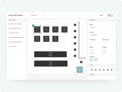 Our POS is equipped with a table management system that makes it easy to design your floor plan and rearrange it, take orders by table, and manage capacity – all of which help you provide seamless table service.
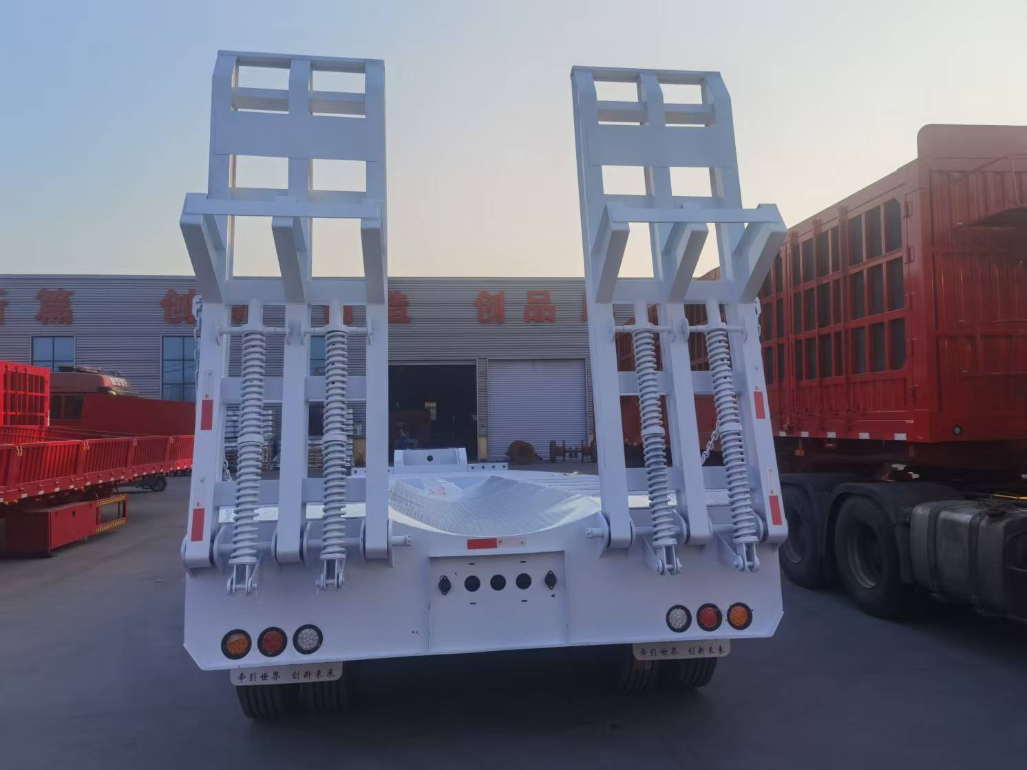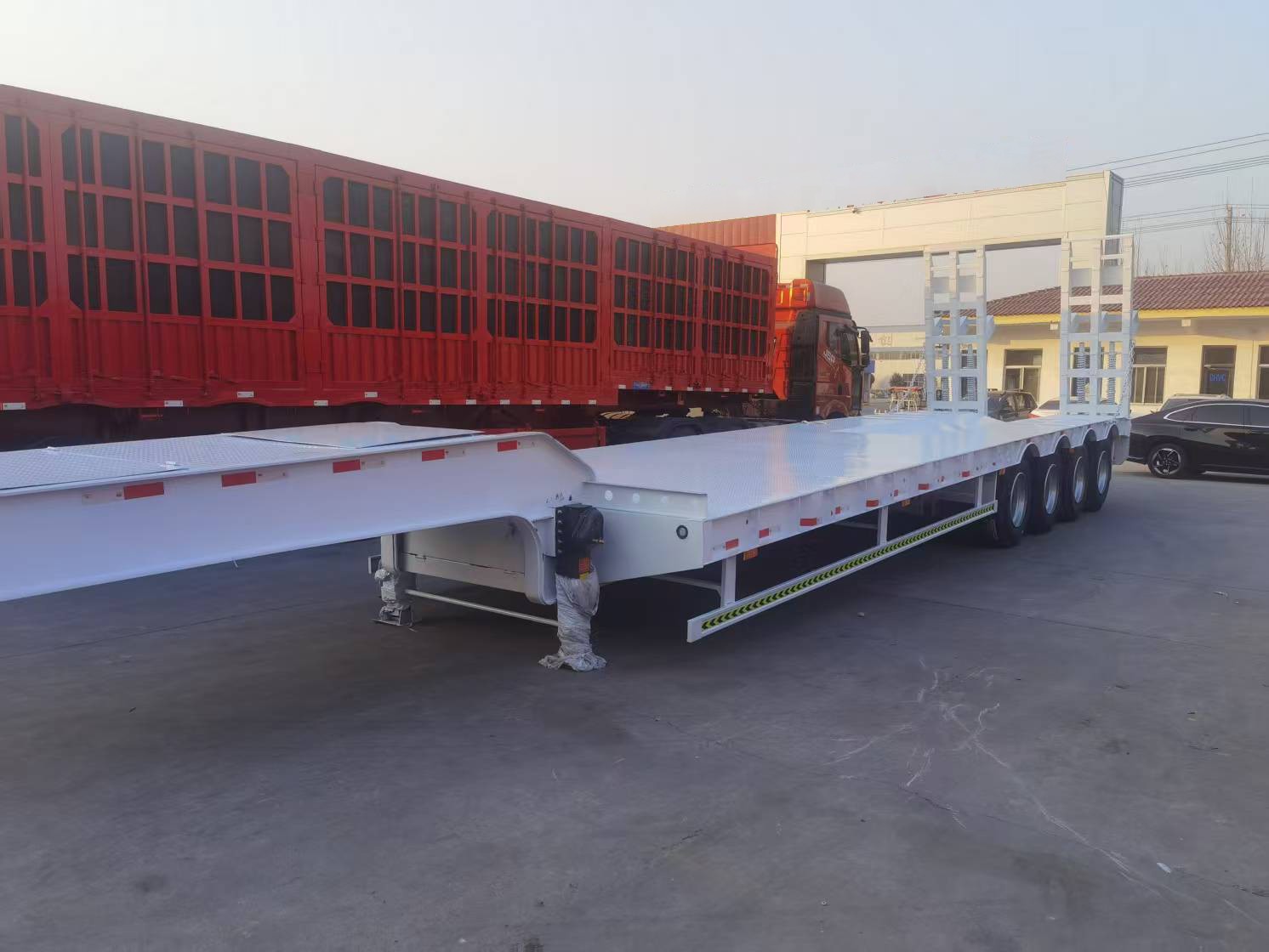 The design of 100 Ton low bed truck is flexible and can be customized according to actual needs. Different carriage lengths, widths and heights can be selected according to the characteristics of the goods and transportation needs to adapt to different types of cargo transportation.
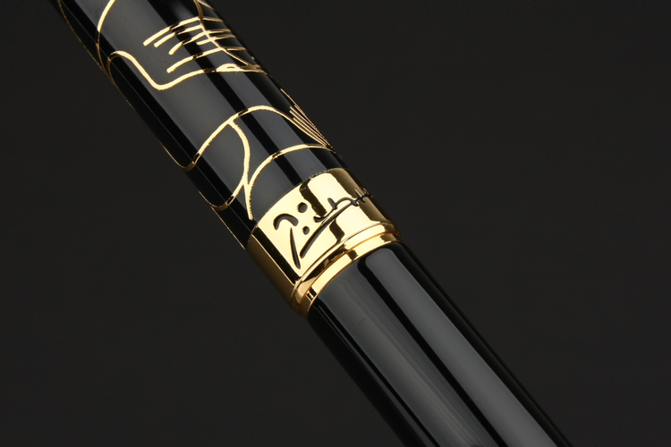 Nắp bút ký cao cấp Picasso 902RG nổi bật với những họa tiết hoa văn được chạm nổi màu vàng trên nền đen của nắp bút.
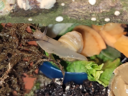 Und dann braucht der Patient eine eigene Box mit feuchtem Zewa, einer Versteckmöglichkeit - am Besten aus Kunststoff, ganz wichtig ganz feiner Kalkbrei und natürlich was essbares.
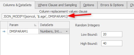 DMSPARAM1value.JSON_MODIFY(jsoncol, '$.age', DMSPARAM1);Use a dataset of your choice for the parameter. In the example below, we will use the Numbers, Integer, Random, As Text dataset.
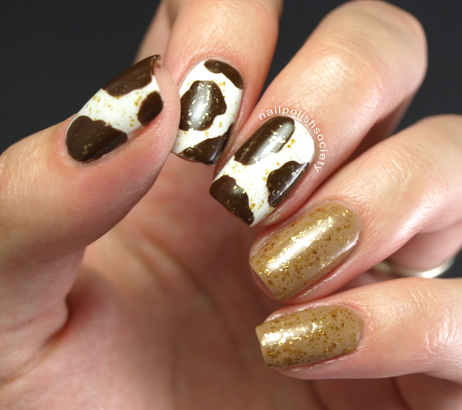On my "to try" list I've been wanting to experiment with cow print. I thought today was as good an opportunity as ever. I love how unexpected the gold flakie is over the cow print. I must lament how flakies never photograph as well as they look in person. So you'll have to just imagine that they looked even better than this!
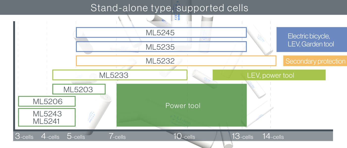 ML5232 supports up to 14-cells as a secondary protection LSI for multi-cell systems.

━━━━━━━━━━━━━━━━━━━━━━━━━━━━━━

### What the task asks
Above are some entries. Restate word for word the lines from the one holding "The design of" through the one holding "DMSPARAM1value.JSON_MODIFY(jsoncol, '$.age', DMSPARAM1);Use", but not the pictures.

### Answer for the task
 The design of 100 Ton low bed truck is flexible and can be customized according to actual needs. Different carriage lengths, widths and heights can be selected according to the characteristics of the goods and transportation needs to adapt to different types of cargo transportation.
 Nắp bút ký cao cấp Picasso 902RG nổi bật với những họa tiết hoa văn được chạm nổi màu vàng trên nền đen của nắp bút.
 Und dann braucht der Patient eine eigene Box mit feuchtem Zewa, einer Versteckmöglichkeit - am Besten aus Kunststoff, ganz wichtig ganz feiner Kalkbrei und natürlich was essbares.
 DMSPARAM1value.JSON_MODIFY(jsoncol, '$.age', DMSPARAM1);Use a dataset of your choice for the parameter. In the example below, we will use the Numbers, Integer, Random, As Text dataset.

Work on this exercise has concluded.